Cloning, sequence analysis, and expression in Escherichia coli of a streptococcal plasmin receptor

R. Lottenberg, C. C. Broder, M. D.P. Boyle, S. J. Kain, B. L. Schroeder, R. Curtiss

Research output: Contribution to journalArticlepeer-review

179 Scopus citations

Abstract

Plasmin(ogen) receptors are expressed by many gram-positive and gram- negative bacteria. We previously isolated a plasmin receptor from a pathogenic group A streptococcal strain (C. C. Broder, R. Lottenberg, G. O. von Mering, K. H. Johnston, and M. D. P. Boyle, J. Biol. Chem. 266:4922-4928, 1991). The gene encoding this plasmin receptor, plr, was isolated from a λ gt11 library of chromosomal DNA from group A streptococcal strain 64/14 by screening plaques with antibodies raised against the purified streptococcal plasmin receptor protein. The gene was subcloned by using a low-copy-number plasmid and stably expressed in Escherichia coli, resulting in the production of an immunoreactive and functional receptor protein.

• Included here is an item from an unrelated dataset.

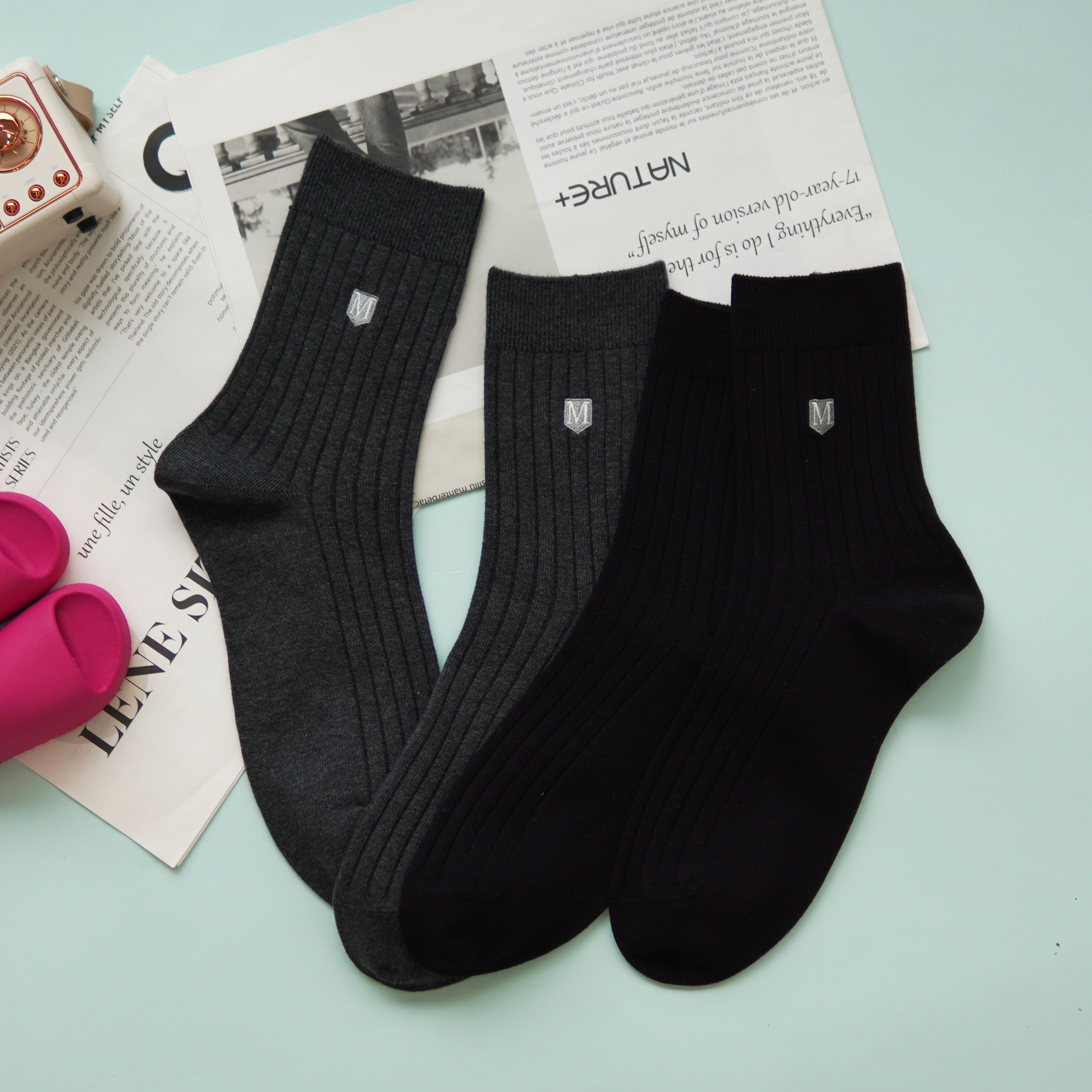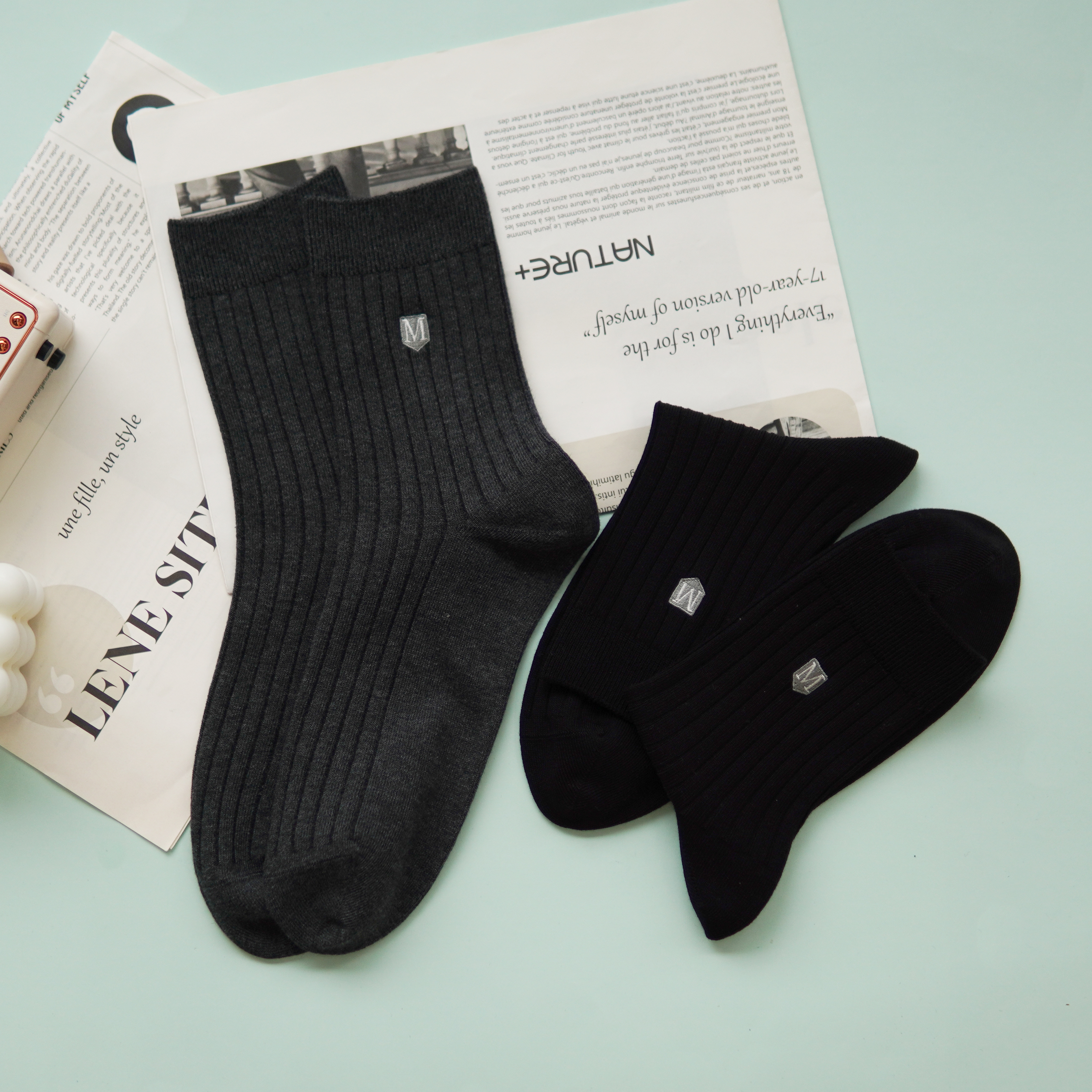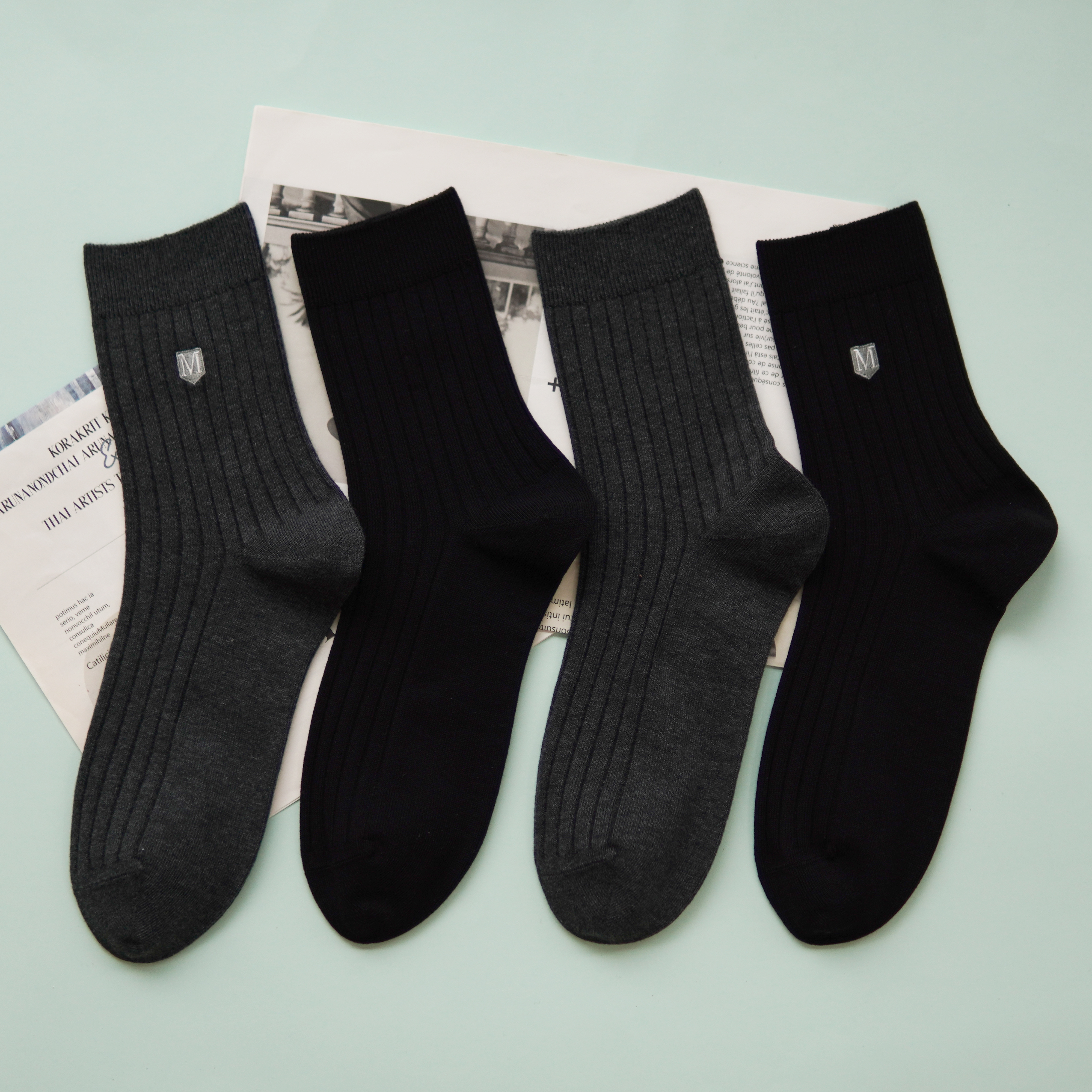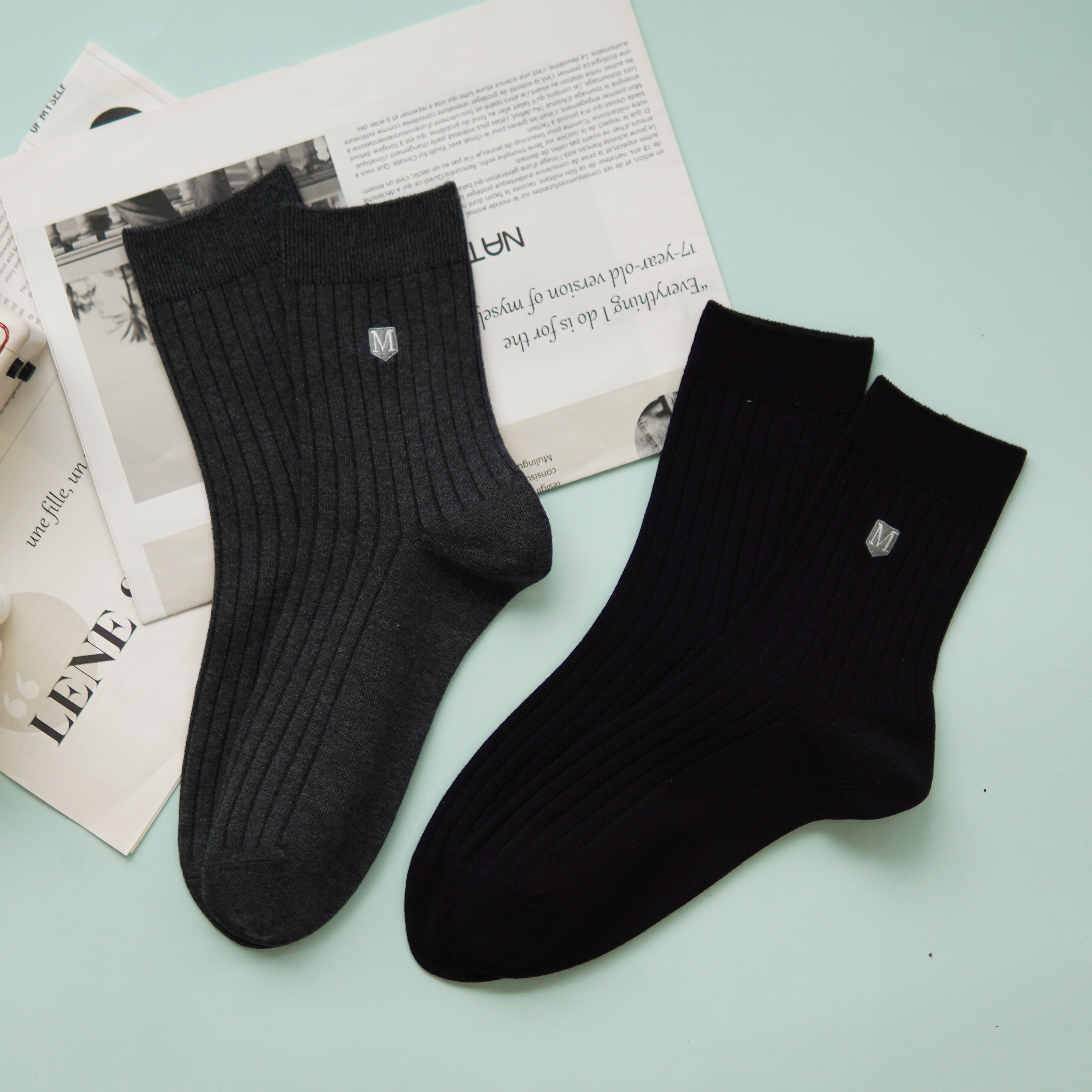 【2双装】男士刺绣休闲袜中长筒四季棉袜【6双6折 2521601】

The DNA sequence of the gene contained an open reading frame encoding 335 amino acids with a predicted molecular weight of 35,787. Upstream of the open reading frame, putative promoter and ribosomal binding site sequences were identified. The experimentally derived amino acid sequences of the N terminus and three cyanogen bromide fragments of the purified streptococcal plasmin receptor protein corresponded to the predicted sequence encoded by plr. The deduced amino acid sequence for the plasmin receptor protein revealed significant similarity (39 to 54% identical amino acid residues) to glyceraldehyde 3- phosphate dehydrogenases.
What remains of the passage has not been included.